Reputation: 28364
I have dev.example.com and www.example.com hosted on different subdomains. I want crawlers to drop all records of the dev
subdomain but keep them on www
. I am using git to store the code for both, so ideally I'd like both sites to use the same robots.txt file.
Is it possible to use one robots.txt file and have it exclude crawlers from the dev
subdomain?
Upvotes: 14
Views: 24052
Reputation: 15
Instead of using robots.txt to handle the exclusion of the subdomains, you could use nginx. Although the above methods are sufficient, if you want to ensure that no access is made to your subdomains by search engines, you can configure Nginx to return a 404
or 403
status code for all user agents or specific user agents like Googlebot. Here's an example configuration that returns a 403 Forbidden
response:
server {
server_name subdomain.website.com;
location / {
if ($http_user_agent ~* (Googlebot|Bingbot|Slurp)) {
return 403;
}
}
}
To exclude subdomains you can also use HTTP headers with nginx. Send the X-Robots-Tag
HTTP header with a value of noindex, nofollow
with your responses to ensure that pages are not indexed.
Here's an example of how to add the X-Robots-Tag in your Nginx configuration:
server_name subdomain.website.com;
location / {
add_header X-Robots-Tag "noindex, nofollow";
}
}
Upvotes: 0
Reputation: 10071
I want Google to drop all of the records of the dev subdomain but keep the www.
If the dev site has already been indexed return a 404 or 410 error to crawlers to delist content.
Is it possible to have one robots.txt file that excludes a subdomain?
If your code is completely static what you're looking for the non-standard host
directive:
User-agent: *
Host: www.example.com
But if you can support a templating language it's possible to keep everything in a single file:
User-agent: *
# if ENVIRONMENT variable is false robots will be disallowed.
{{ if eq (getenv "ENVIRONMENT") "production" }}
Disallow: admin/
Disallow:
{{ else }}
Disallow: /
{{ end }}
Upvotes: 0
Reputation: 31
Keep in mind that if you block Google from indexing the pages under the subdomain, they won't (usually) immediately drop out of the Google index. It merely stops Google from re-indexing those pages.
If the dev subdomain isn't launched yet, make sure it has it's own robots.txt disallowing everything.
However, if the dev subdomain already has pages indexed, then you need to use the robots noindex meta tags first (which requires Google to crawl the pages initially to read this request), then set up the robots.txt file for the dev subdomain once the pages have dropped out of the Google index (set up a Google Webmaster Tools account - it helps to work this out).
Upvotes: 3
Reputation: 18127
You could use Apache rewrite logic to serve a different robots.txt
on the development domain:
<IfModule mod_rewrite.c>
RewriteEngine on
RewriteCond %{HTTP_HOST} ^dev\.qrcodecity\.com$
RewriteRule ^robots\.txt$ robots-dev.txt
</IfModule>
And then create a separate robots-dev.txt
:
User-agent: *
Disallow: /
Upvotes: 29
Reputation: 1132
Sorry, this is most likely not possible. The general rule is that each sub-domain is treated separately and thus would both need robots.txt files.

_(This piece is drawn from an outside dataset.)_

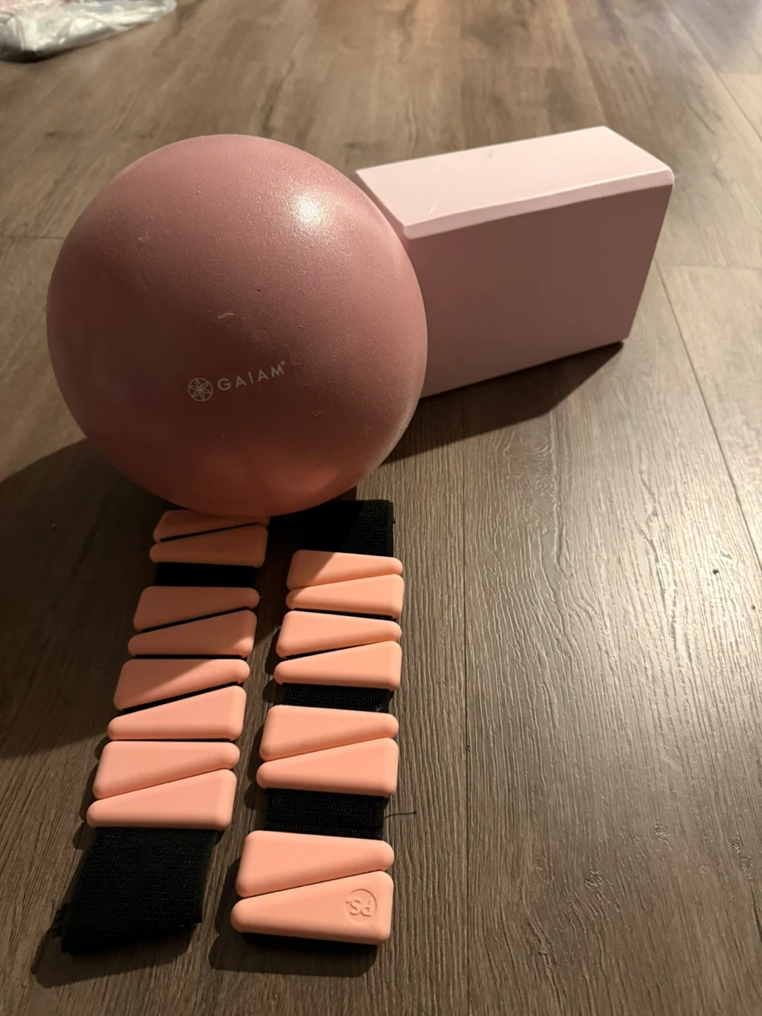 Includes a Gaiam pink yoga block and ankle/wrist weights.

Often subdomains are implemented using subfolders with url rewriting in place that does the mapping in which you want to share a single robots.txt file across subdomains. Here's a good discussion of how to do this: http://www.webmasterworld.com/apache/4253501.htm.
However, in your case you want different behavior for each subdomain which is going to require separate files.
Upvotes: 5